「サウスバウンド」 家族と、それから生きる力

冷たいよな。ため息が出た。教師が、やけに人間臭く思えた。人間が親切なのは、自分が安全なときだけだ。           −『サウスバウンド』p265 −

「おまえはおとうさんを見習わなくていい。おまえの考えで生きていけばいい。お父さんの中にはな、自分でもどうしようもない腹の虫がいるんだ。それに従わないと、自分が自分じゃなくなる。要するに馬鹿なんだ」   −『サウスバウンド』p485 −

サウス・バウンド

サウス・バウンド

すばらしかった。
そして面白かった。
一気に読んだ。
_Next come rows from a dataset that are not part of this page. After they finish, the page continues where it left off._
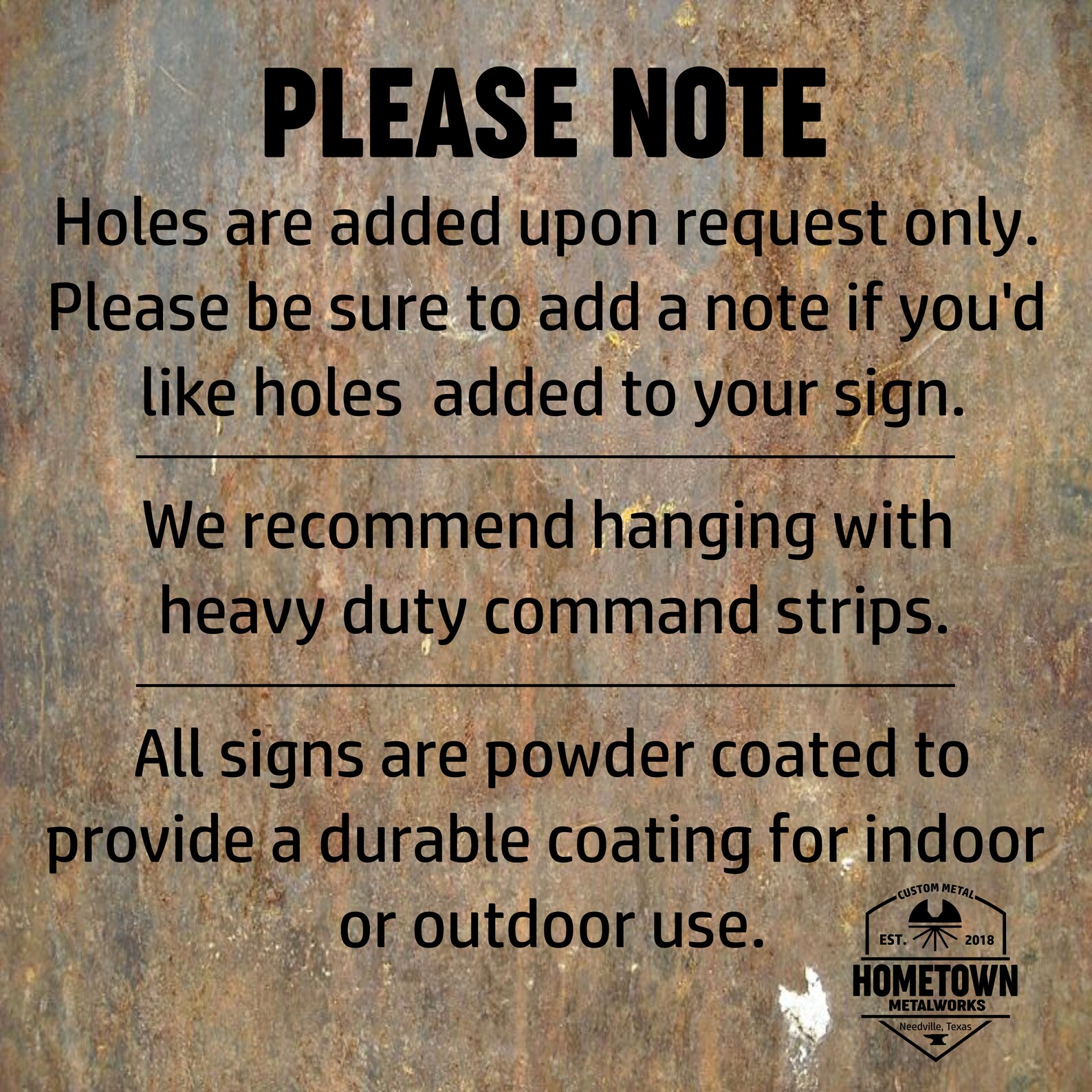 Please Note: Each sign is unique and custom. Some imperfections from the cutting and cleaning process may be found in the metal. All sales are FINAL. Please contact us if you are not completely satisfied with your finished product.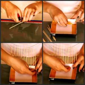 - Внимателно залепете слоевете към основата, като поставите всяка нишка плътно една до друга.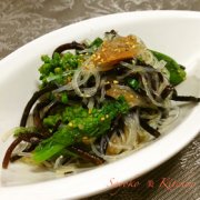 菜の花と長ひじきの梅ナムル ほろ苦菜の花を梅風味のさっぱりナムルにしました。長ひじきを加えてボリュームもアップ☆ 材料 (2人分) 菜の花 8本 長ひじき 20g 春雨 20g ◆梅干...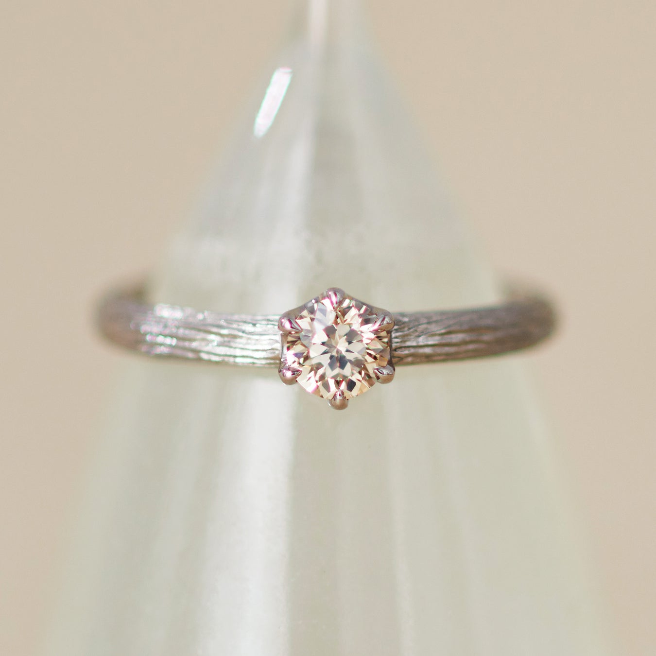 通常のラウンドブリリアントカットダイヤモンドよりも輝きが穏やかなため、普段づかいの婚約指輪にもぴったりです。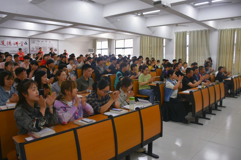 5月11日下午,九游(JIUYOU.COM)娱乐第一门户在道德讲堂举办了党史学习教育专题讲座。学校马克思主义学院青年教师陈思为师生代表作了一场题为《习近平总书记关于坚持“一国两制”和推进祖国统一重要论述》的报告。党总支书记代翔、副院长岳杰、冷靖、郑荻、学管秘书李竹婷、全体教职工党员及二百余名学生代表聆听了报告,讲座由办公室主任张礼涛主持。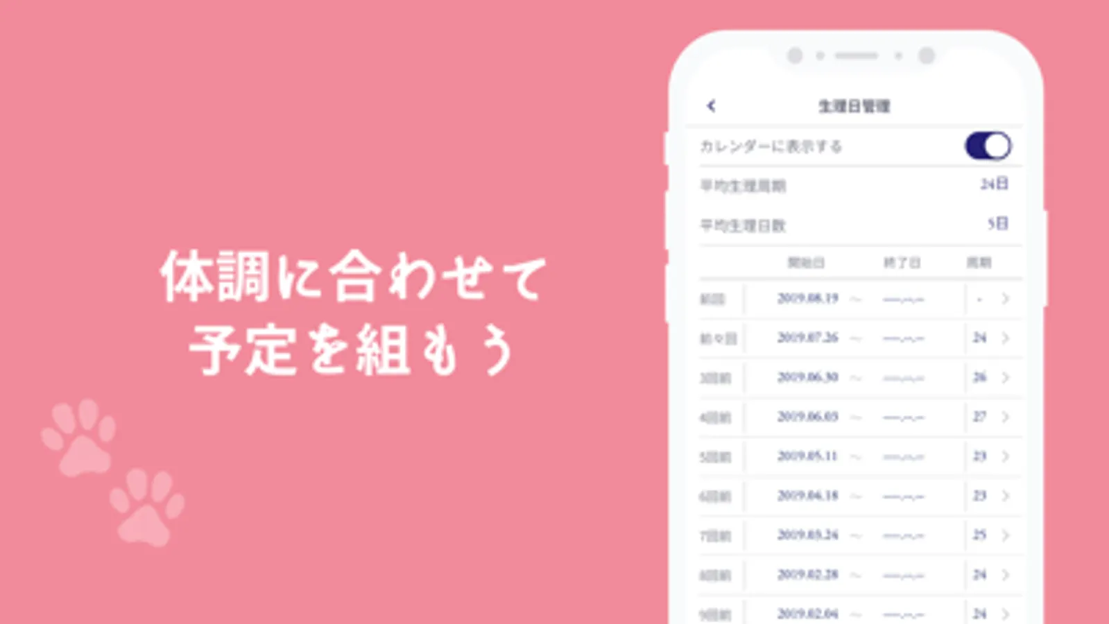 生理日開始日を入力すると、生理日予測アイコンがカレンダー上に表示されます。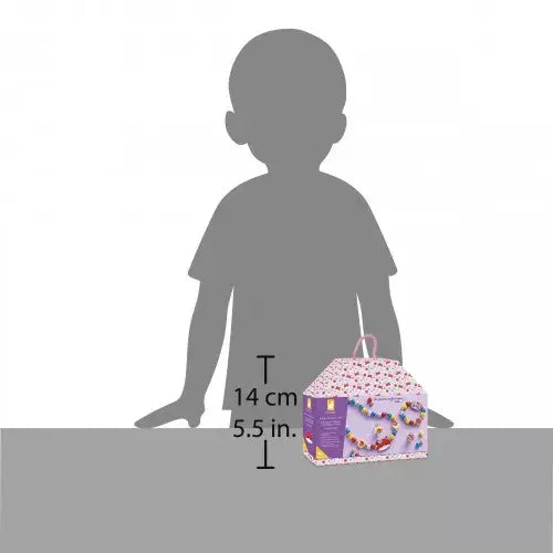 Create your own set of wooden jewellery! This set allows you to make 1 necklace, 1 bracelet and 2 rings on the theme of rainbow land, the wonderful world of unicorns and rainbows, thanks to a comprehensive range of content: 2 shaped and printed wooden beads, 3 round printed wooden beads, 33 coloured round beads, 22 gold beads, 2 rings with printed flat wooden beads, 1 sheet of 8 rhinestones, 1 elastic thread and 1 booklet with instructions and designs. The box becomes a cute handbag in which you can keep your jewellery and other little secrets. This activity helps develop creativity and motor skills and is suitable for children aged 4 and over.

止まらなかった。


主人公の次郎(小6)がぐんぐん生きる力をつけていく。
はっきりと強い生きる力を持った父親を見つめていく。
それから、家族がどんどん美しくなっていく。
南に向かう前も、後も。


石垣島に一度行ったことがある。
あの島もとても不思議な自由さと時間があるところだった。
美しい海と砂浜と空があって、サトウキビ畑と牛がいて。
なんだか力があって、海とか空気から大きなものを受け取ってその一員にしてもらえるような、そんな場所だった。
それ以来海がすごく好きになった。


『サウスバウンド』にであえて読むことができてとても幸せだった。